Going to get rid of my 03 A6, for either an A6 or a NEW Passat. 
Thoughts of advice that anyone can lend? Thanks.


----------



## [email protected] (Apr 9, 2004)

*Re: Thinking about a new A6.....Any advice, or opinions? (badboyripper)*

I'd totally go for the A6 unless you want a 2.0T Passat for fuel economy reasons. A6 is bigger, much more luxurious and both engines are direct injection so likely just as efficient as the Passat V6 without looking at the EPA data. Plus, if you buy a CPO car you can get a total deal as this class tends to depreciate more aggressively than the A4 segment.

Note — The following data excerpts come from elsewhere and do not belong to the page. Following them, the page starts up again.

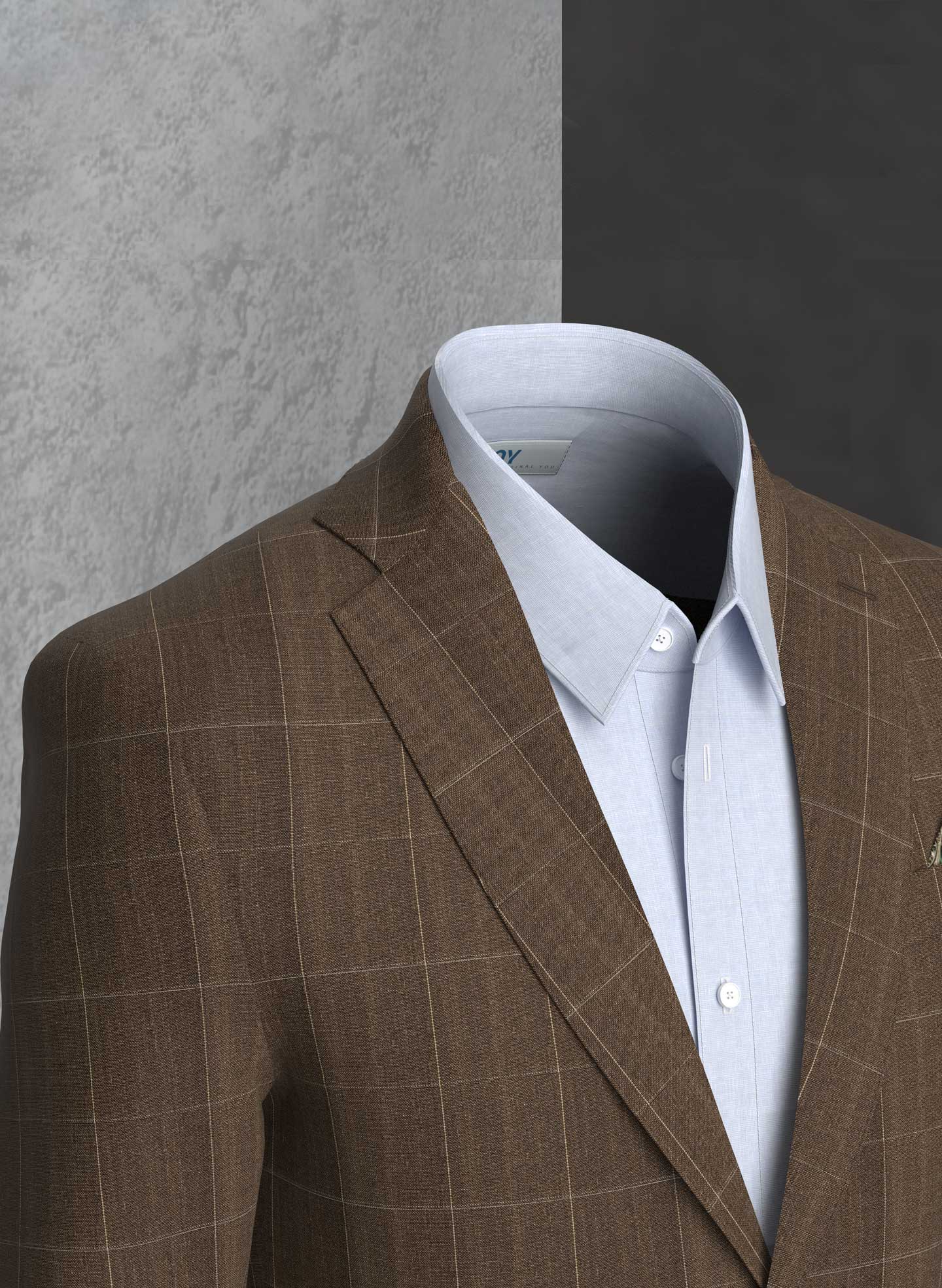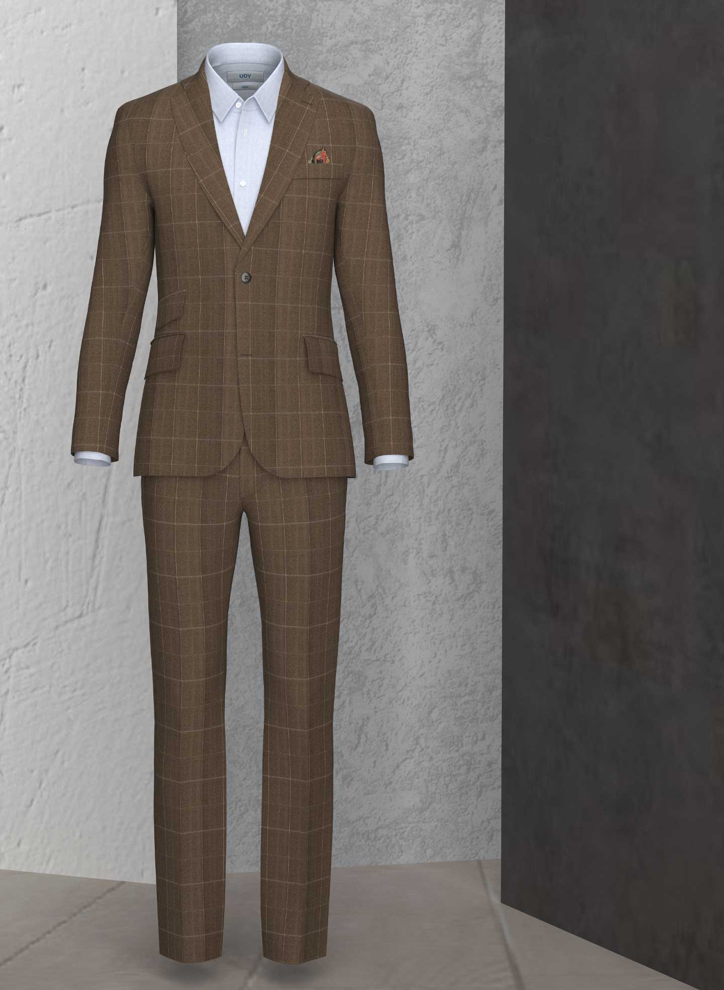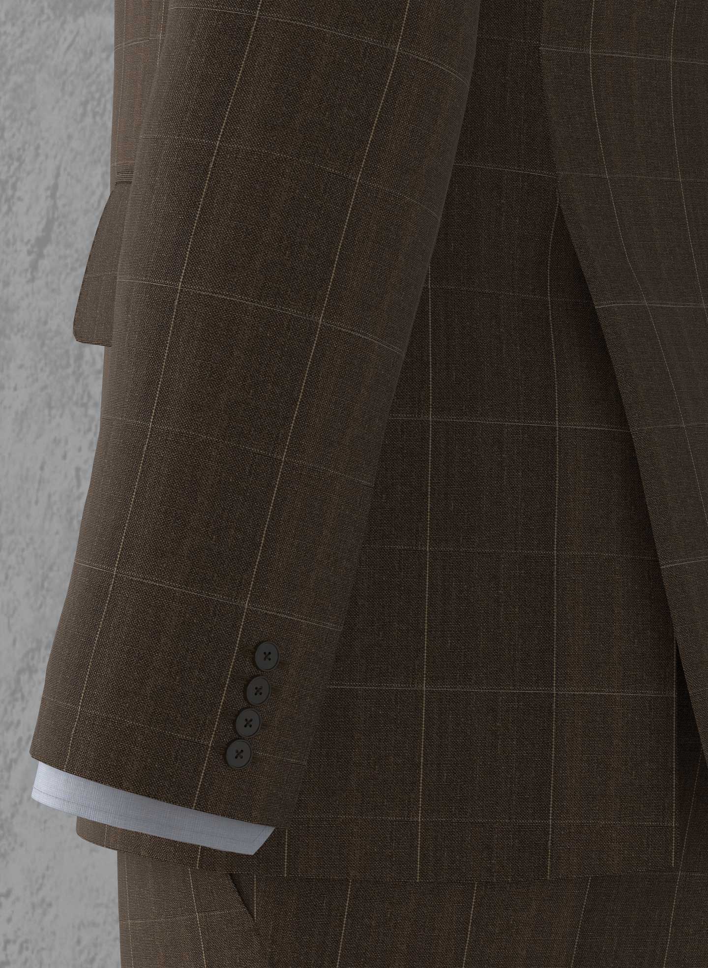 This brown checkered suit from Solbiati, is a constructed fabric of 55% Linen 37% Wool 8% Silk. By bringing together the cool touch of linen, the moisture absorbing capabilities of wool and the lustre of silk the result is the most breathable fabric for suits weighing 2500 g/m. A fabric that will last you a lifetime. We suggest yellow tassel loafers for the complete look.
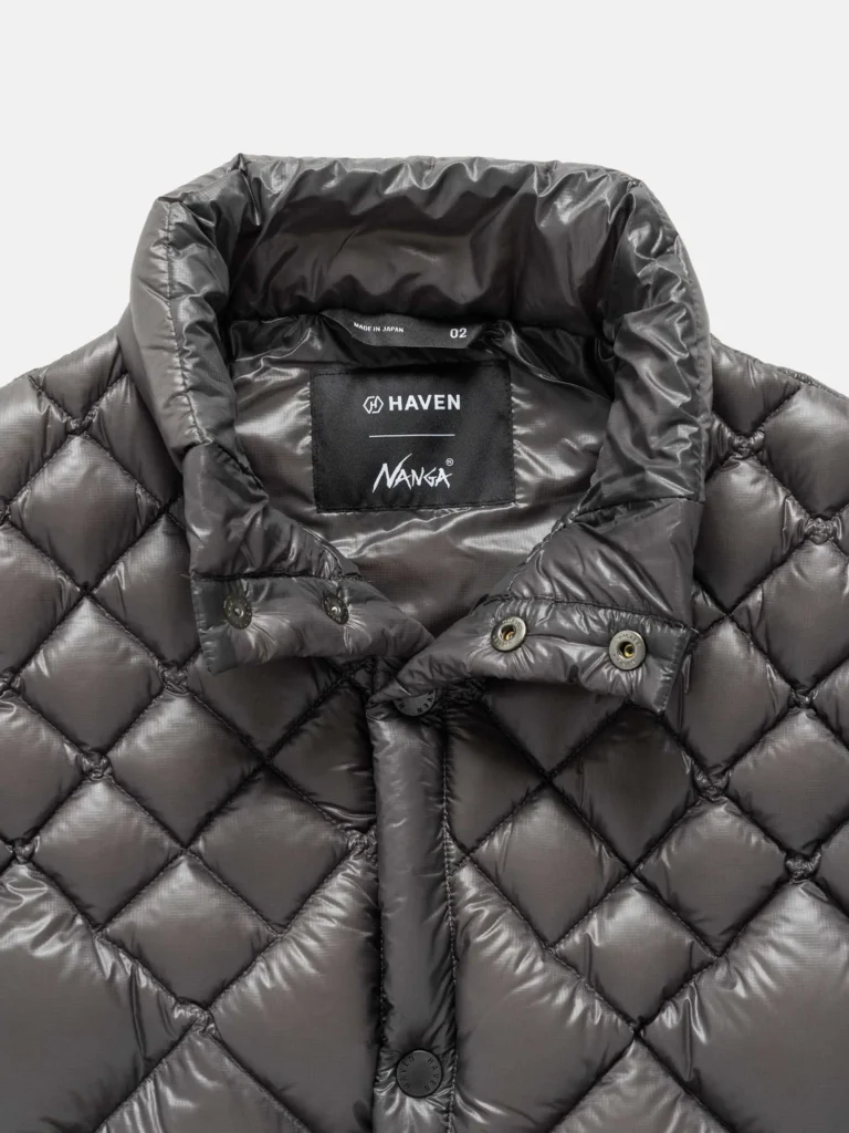 The HAVEN × NANGA Skyline Vest stands as a precise illustration of what happens when a Canadian performance imprint and a Japanese down specialist combine their philosophies into a single garment. On the surface, it reads as a clean, heritage-inspired down vest—lightweight, matte-shine nylon, diamond quilting, snap closures. In hand, and in wear, its construction reveals a more complex identity: technical performance drawn directly from mountaineering lineage, reinterpreted with HAVEN’s quiet, utilitarian design language.
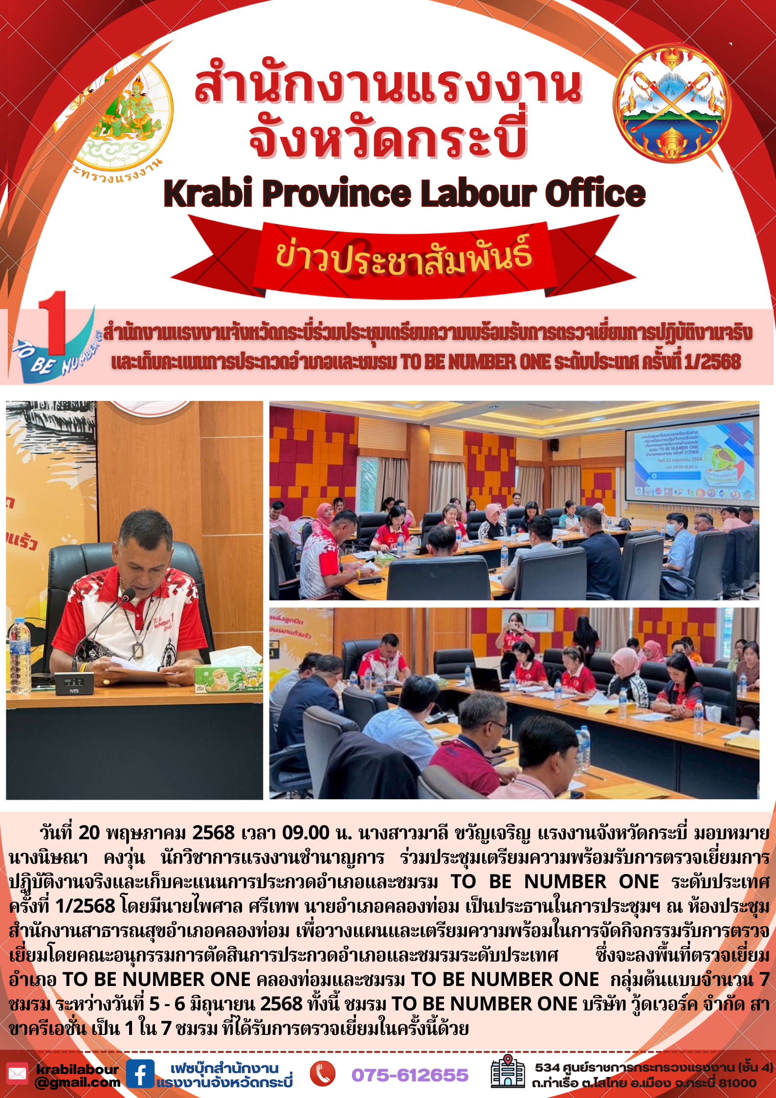 สำนักงานแรงงานจังหวัดกระบี่ร่วมประชุมเตรียมความพร้อมรับการตรวจเยี่ยมการปฏิบัติงานจริงและเก็บคะแนนการประกวดอำเภอและชมรม TO BE NUMBER ONE ระดับประเทศ ครั้งที่ 1/2568
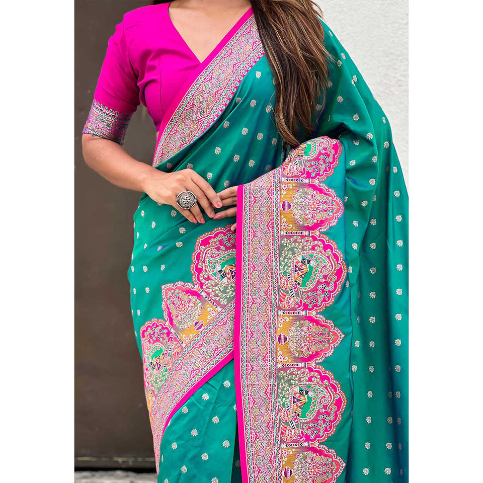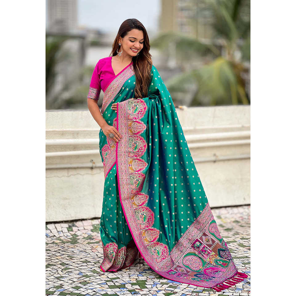 Green Pashmina Darbari Silk Saree with Zari Woven Indian & Pakistani Clothing
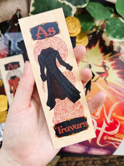 Double-sided woodmark featuring Kell’s peculiar coat. On one side the coat is Kell’s ruby red royal coat and on the reverse the coat transforms to Kell’s travelling black coat with elbow patches.
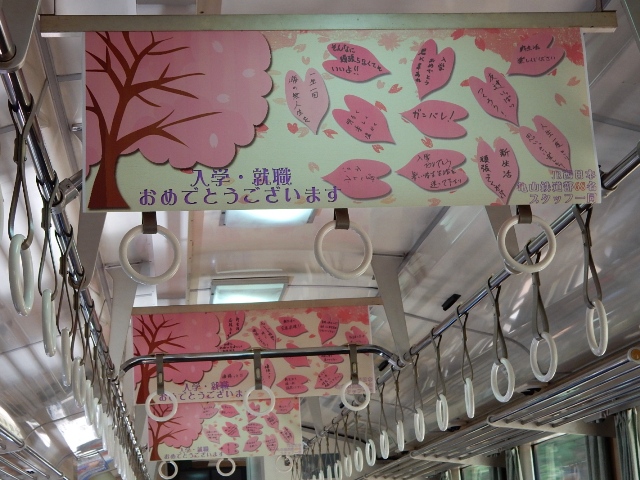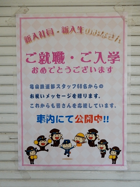 車内にはこの区間を管理する亀山鉄道部の皆さんから今年の新入生
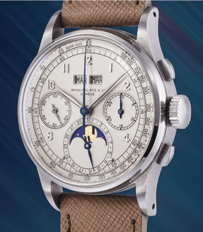 Described as ‘genre-defining’ and a ‘unicorn’ of the watch world, this piece sold at Phillips Auctions. Why the record breaking price? This particular watch represented the rarest variation of the world’s first perpetual calendar chronograph wristwatch, as the first of only four steel versions produced.
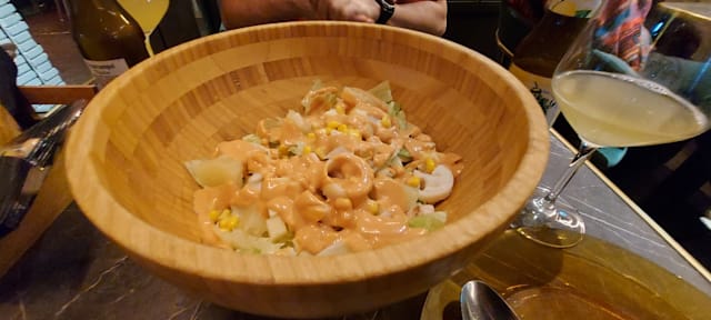 Lechuga, palmito, maíz, queso, pollo, piña y salsa rosa
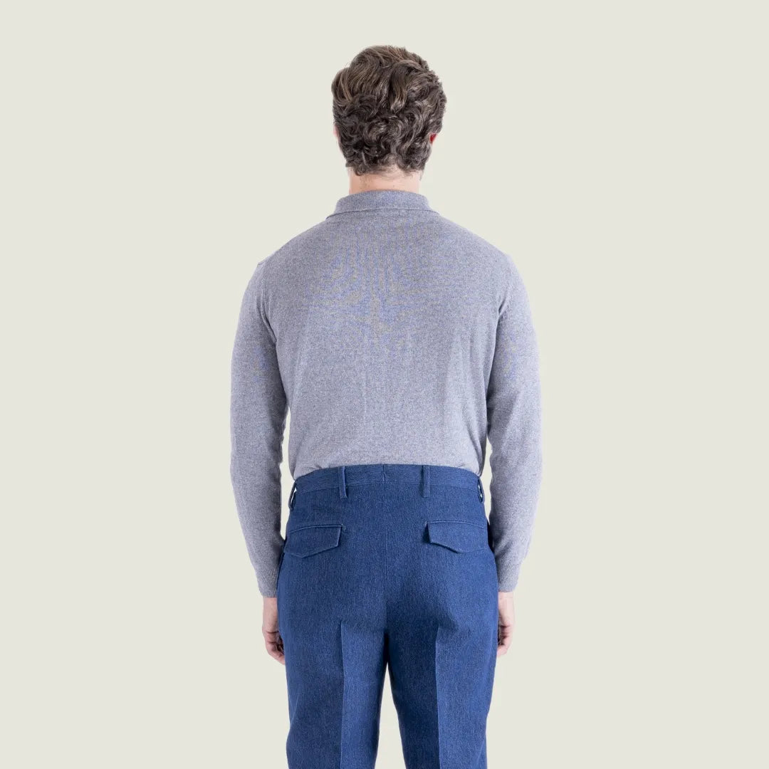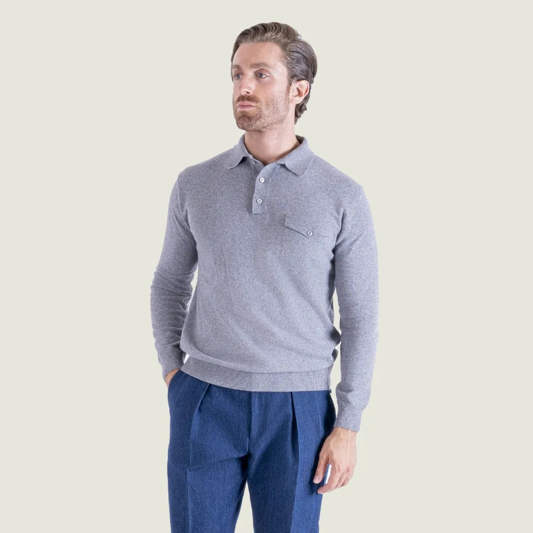 Polo Manica Lunga con Taschino in Lana Merinos Finezza 14 – Grigio – Made in Italy
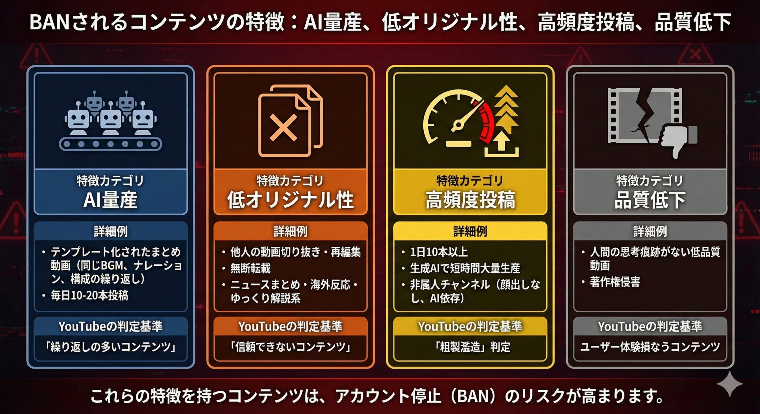 特に「切り抜き動画」「静止画スライド」「AI読み上げ」といったジャンルは、最も厳重な監視対象となっているようです。

It's a lot of car.


----------



## jperryrocks (Jan 26, 2006)

*Re: Thinking about a new A6.....Any advice, or opinions? (badboyripper)*

all depends if you want new or used.
shopping a new passat & A6 aren't even close price wise. There are lots of nice used 3.2 Quattro A6's out there for 25-35k.


----------



## badboyripper (Jun 23, 2001)

*Re: Thinking about a new A6.....Any advice, or opinions? (jperryrocks)*

I will be buying new, probably lease though. I have always like the Passat, and was looking at them when I bought the Audi that I have now. 
I'm not worried about price, as either will fit my budget. I'll be trading in my car, then applying all of the equity towards payments. My current ride is paid off, so I'll have at least a year of now payments. 
I was going to get rid of the Audi in a year anyway, when the warranty expires, so if I can get a brand new car, and have at least a years worth of payments paid for in the process, then I'm good. 
I really think that they are similar in amenities and I really like the looks of both. You get a bit more as far as status goes, but I don't really care that much about that anyway. I am going to check out the Passat CC as well.


----------



## [email protected] (Apr 9, 2004)

*Re: Thinking about a new A6.....Any advice, or opinions? (badboyripper)*

The A6 is a considerably larger car. It's longitudinal engine layout mean quattro (if you go for that and most do) is the Torsen setup versus the Haldex in the Passat 4Motion. As I mentioned, the 2.0T Passat is more frugal, but the 3.2 A6 is also quite good and the 4.2 isn't half bad.
Material qualities and design/layout are superior in the A6. It has MMI, which I prefer though the upcoming touch screen navi from the Passat looks quite interesting. The A6 with MMI also can come with or be retrofitted with the Audi Music Interface (AMI) that allows for full iPod integration. In addition, the multi-band favorites listing (Sirius, AM, FM) is a really nice feature. 
I know you're considering a lease, but consider also a Certified Pre-Owned A6. This program puts the price of price an A6 down near the Passat and warranties it out to like 100k miles. You wouldn't have time off on payments that way, but you'd actually save more money I'm guessing since one or two years of depreciation has already been written off of the A6, which is considerable.


----------



## mahls10 (May 25, 2006)

*Re: Thinking about a new A6.....Any advice, or opinions? ([email protected])*

"The A6 with MMI also can come with or be retrofitted with the Audi Music Interface (AMI) that allows for full iPod integration."
<-- This is only true if the a6 is built after Nov 2006. I have a 2006 A6 built in April 2006, and I can't get Ipod Interface.








cheers!


----------



## [email protected] (Apr 9, 2004)

*Re: Thinking about a new A6.....Any advice, or opinions? (mahls10)*


_Quote, originally posted by *mahls10* »_"The A6 with MMI also can come with or be retrofitted with the Audi Music Interface (AMI) that allows for full iPod integration."
<-- This is only true if the a6 is built after Nov 2006. I have a 2006 A6 built in April 2006, and I can't get Ipod Interface.








cheers!

That sucks. Thanks for clarifying though.


----------



## buddahvw (May 4, 2004)

*Re: Thinking about a new A6.....Any advice, or opinions? ([email protected])*

x2 on lookin at the CPO route
I picked up a CPO A6 sedan today, LOW miles, in great shape...... beautiful
im a happy camper


----------



## mahls10 (May 25, 2006)

*Re: Thinking about a new A6.....Any advice, or opinions? (buddahvw)*

x3 on CPO.
To put it in perspective... I bought a S Line 2006 A6 3.2 Quattro, fully loaded (everything is in the car).
I bought it last year in August with 11k miles... for 39.5k. Full sticker brand new? 57k. 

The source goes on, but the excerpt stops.